A few years ago, a group of cancer doctors wanted to open a radiation treatment center in Woodbury. And a rival group wanted to stop them.
Since then, the turf battle has turned into one of the most expensive lobbying campaigns at the Legislature, with one side even outspending Minnesota Vikings lobbyists in 2011.
The two medical groups — Minnesota Oncology and Minneapolis Radiation Oncology (MRO) — have spent millions of dollars on dueling lobbyists since 2007, when the Legislature imposed a moratorium on new radiation treatment facilities in 14 counties, including the Twin Cities and Duluth metro areas.
This year, the Legislature is considering extending the moratorium, said to be the only one in the country, through 2020.
"The amount of money that's being spent is breathtaking," admits Dr. Thomas Flynn, president of Minnesota Oncology, which has 58 physicians. "My personal view is that it's not something that we should be spending time and money on. [But] we've had to have a voice there, because we feel it's an important issue."

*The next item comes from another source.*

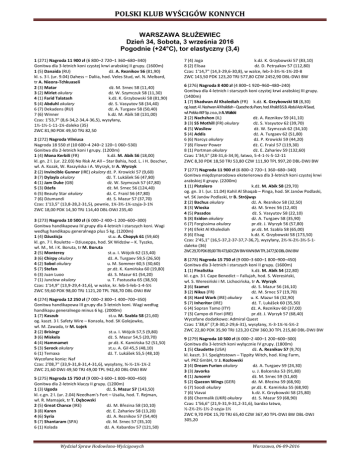 POLSKI KLUB WYŚCIGÓW KONNYCH WARSZAWA SŁUŻEWIEC Dzień 34, Sobota, 3 września 2016 Pogodnie (+24°C), tor elastyczny (3,4) 1 (271) Nagroda 11 900 zł (6 800–2 720–1 360–680–340) Gonitwa dla 3-letnich koni czystej krwi arabskiej II grupy. (1600m) 1 (5) Danaida (RU) dż. A. Reznikov 56 (81,90) kl. s. 3 l. (ur. 9.04) Dahess – Daliia, hod. Veles Stud, wł. N. Melbard, tr A. Nieora-Tchkuaseli 2 (3) Matar dż. M. Srnec 58 (11,40) 3 (2) Mirlet okulary dż. W. Szymczuk 58 (11,30) 4 (1) Farid Talatash k.dż. K. Grzybowski 58 (81,90) 5 (4) Abduhl okulary dż. S. Vasyutov 58 (34,40) 6 (7) Dekadens (RU) dż. A. Turgaev 58 (50,40) 7 (6) Winner k.dż. M. Abík 58 (131,00) Czas: 1'53,7" (8,6-34,2-34,4-36,5), wysyłany, 1½-1½-1-11-1¼-daleko (35) ZWC 81,90 PDK 49,50 TRJ 82,50 2 (272) Nagroda Vilniusa Nagroda 18 550 zł (10 600–4 240–2 120–1 060–530) Gonitwa dla 2-letnich koni I grupy. (1200m) 1 (4) Mona Kerbili (FR) k.dż. M. Abík 56 (18,00) kl. gn. 2 l. (ur. 22.03) No Risk At All – Star Bahia, hod. L. i H. Boscher, wł. A. Kozak, W. Raszyńska i A. Wyrzyk, tr A. Wyrzyk 2 (2) Invincible Gunner (IRE) okulary dż. P. Krowicki 57 (9,60) 3 (7) Dylayla okulary dż. T. Lukášek 56 (47,80) 4 (1) Jam Duke (GB) dż. W. Szymczuk 57 (47,80) 5 (3) Dżefa dż. M. Srnec 56 (124,40) 6 (5) Beauty Star okulary dż. C. Fraisl 56 (47,80) 7 (6) Dżumandi dż. S. Mazur 57 (37,70) Czas: 1'13,5" (13,8-28,2-31,5), pewnie, 1¼-3½-1¼-szyja-3-1¾ ZWC 18,00 PDK 14,30 TRJ 114,40 DBL-DWJ 235,40 3 (273) Nagroda 10 500 zł (6 000–2 400–1 200–600–300) Gonitwa handikapowa IV grupy dla 4-letnich i starszych koni. Wagi według handikapu generalnego plus 5 kg. (1200m) 1 (4) Dżusticja st.u. A. Chopyk 61 (59,60) kl. gn. 7 l. Roulette – Dżiuseppa, hod. SK Widzów – K. Tyszko, wł. M., M. i K. Boruta, tr M. Boruta 2 (5) Monterey st.u. I. Wójcik 62 (13,40) 3 (6) Chirpy okulary dż. A. Turgaev 59,5 (26,50) 4 (2) Sobol okulary u. M. Sommer 60,5 (30,60) 5 (7) Stefan pr.dż. K. Kamińska 60 (19,80) 6 (3) Juan Luoo dż. S. Mazur 61 (54,20) 7 (1) Junclow okulary u. T. Pastuszka 65 (38,50) Czas: 1'14,9" (13,9-29,4-31,6), w walce, kr. łeb-5-łeb-1-4-5½ ZWC 59,60 PDK 98,00 TRJ 1121,20 TPL 768,70 DBL-DWJ BW 4 (274) Nagroda 12 250 zł (7 000–2 800–1 400–700–350) Gonitwa handikapowa III grupy dla 3-letnich koni. Wagi według handikapu generalnego minus 6 kg. (2000m) 1 (7) Kaszub st.u. M. Szabla 58 (21,60) og. kaszt. 3 l. Safety Wire – Konsola, hod. SK Golejewko, wł. M. Zawada, tr M. Łojek 2 (2) Brisingr st.u. I. Wójcik 57,5 (9,80) 3 (6) Miskela dż. S. Mazur 54,5 (20,70) 4 (4) Hammamet pr.dż. K. Kamińska 52 (51,50) 5 (3) Serock okulary st.u. A. Gil 45,5 (48,10) 6 (1) Temaxa dż. T. Lukášek 55,5 (48,10) Wycofane konie: Naf Czas: 2'08,7" (33,9-31,8-31,4-31,6), wysyłany, ¾-½-1¼-1¼-2 ZWC 21,60 DWJ 49,50 TRJ 49,00 TPL 942,40 DBL-DWJ BW 5 (275) Nagroda 15 750 zł (9 000–3 600–1 800–900–450) Gonitwa dla 2-letnich klaczy II grupy. (1200m) 1 (3) Ugoda dż. S. Mazur 57 (143,50) kl. c.gn. 2 l. (ur. 2.04) Needham's Fort – Usalia, hod. T. Rejman, wł. R. Mamajek, tr T. Dębowski 2 (5) Great Chance (IRE) dż. M. Březina 58 (10,10) 3 (8) Karen dż. E. Zahariev 58 (13,20) 4 (6) Syria dż. A. Reznikov 57 (54,40) 5 (7) Shantaram (SPA) dż. M. Srnec 57 (35,10) 6 (1) Kolada dż. A. Kabardov 57 (121,50) Wydział Spraw Hodowlano-Wyścigowych 7 (4) Joga k.dż. K. Grzybowski 57 (83,10) 8 (2) Elisaa dż. D. Petryakov 57 (112,80) Czas: 1'14,7" (14,3-29,6-30,8), w walce, łeb-3-3½-¾-1¾-20-8 ZWC 143,50 PDK 123,20 TRJ 577,80 CZW 2452,90 DBL-DWJ BW 6 (276) Nagroda 8 400 zł (4 800–1 920–960–480–240) Gonitwa dla 4-letnich i starszych koni czystej krwi arabskiej III grupy. (1400m) 1 (7) Shadwan Al Khalediah (FR) k.dż. K. Grzybowski 58 (8,30) og. kaszt. 4 l. Nashwan Al Khalidiah – Quesche du Paon, hod. Khalid B.S.B. Abdul Aziz Al Saud, wł. Polska AKF Sp. z o.o., tr A. Walicki 2 (2) Nachshon (IL) dż. A. Reznikov 59 (41,10) 3 (3) SS Mothill (FR) okulary dż. S. Vasyutov 62 (39,70) 4 (5) Wasilew dż. W. Szymczuk 62 (34,10) 5 (4) Addis dż. A. Turgaev 62 (51,80) 6 (6) Narcyz okulary dż. P. Krowicki 59 (44,20) 7 (8) Flower Power dż. C. Fraisl 57 (119,30) 8 (1) Portman okulary dż. E. Zahariev 59 (132,60) Czas: 1'34,5" (28-31,6-34,9), łatwo, 5-4-1-½-5-12-11 ZWC 8,30 PDK 18,50 TRJ 53,80 CZW 111,90 TPL 997,20 DBL-DWJ BW 7 (277) Nagroda 11 900 zł (6 800–2 720–1 360–680–340) Gonitwa międzynarodowa eksterierowa dla 3-letnich koni czystej krwi arabskiej II grupy. (2200m) 1 (1) Pistolero k.dż. M. Abík 58 (29,70) og. gn. 3 l. (ur. 11.04) Kahil Al Shaqab – Pinga, hod. SK Janów Podlaski, wł. SK Janów Podlaski, tr B. Strójwąs 2 (2) Bachus okulary dż. A. Reznikov 58 (32,50) 3 (3) Wioska dż. M. Srnec 56 (12,40) 4 (5) Pasados dż. S. Vasyutov 58 (22,10) 5 (8) Esidon okulary dż. A. Turgaev 58 (35,90) 6 (7) Forgissima okulary pr.dż. J. Wyrzyk 56 (57,80) 7 (4) Efekt Al Khalediah pr.dż. M. Szabla 58 (65,00) 8 (6) Elsag k.dż. K. Grzybowski 58 (173,50) Czas: 2'45,1" (16,5-37,2-37-37,7-36,7), wysyłany, 2½-¾-2½-3½-5-1daleko (36) ZWC 29,70 PDK 89,00 TRJ 473,60 CZW BW KWN BW TPL 2477,50 DBL-DWJ BW 8 (278) Nagroda 15 750 zł (9 000–3 600–1 800–900–450) Gonitwa dla 3-letnich i starszych koni II grupy. (1600m) 1 (1) Finalistka k.dż. M. Abík 54 (22,80) kl. c.gn. 3 l. Cape Benedict – Fallujah, hod. S. Weresiński, wł. S. Weresiński i M. Lichocińska, tr A. Wyrzyk 2 (6) Szamet dż. S. Mazur 56 (16,10) 3 (2) Nikus (FR) dż. M. Srnec 57 (19,70) 4 (8) Hard Work (IRE) okulary u. K. Mazur 56 (32,90) 5 (7) Inheritor (IRE) dż. T. Lukášek 60 (35,50) 6 (4) Sopran Tamo (ITY) dż. A. Reznikov 60 (37,00) 7 (3) Campo di Fiori (IRE) pr.dż. J. Wyrzyk 57 (68,40) Wycofane dodatkowo: Admiral Quest Czas: 1'38,6" (7,8-30,2-29,6-31), wysyłany, ½-3-1¼-¾-5½-2 ZWC 22,80 PDK 35,90 TRJ 123,20 CZW 360,30 TPL 215,80 DBL-DWJ BW 9 (279) Nagroda 10 500 zł (6 000–2 400–1 200–600–300) Gonitwa dla

Minnesota Oncology, which had hoped to build the Woodbury center, has spent about $1 million to try to overturn the moratorium, so far without luck. MRO, which owns or operates a dozen such facilities at Minnesota hospitals, has spent more than $3 million to keep the moratorium in place.
Each side accuses the other of putting its own financial interests ahead of patients.
The debate touches on a sensitive issue in medicine: Who should control, and profit from, the kind of big-ticket medical technology that requires a huge upfront investment?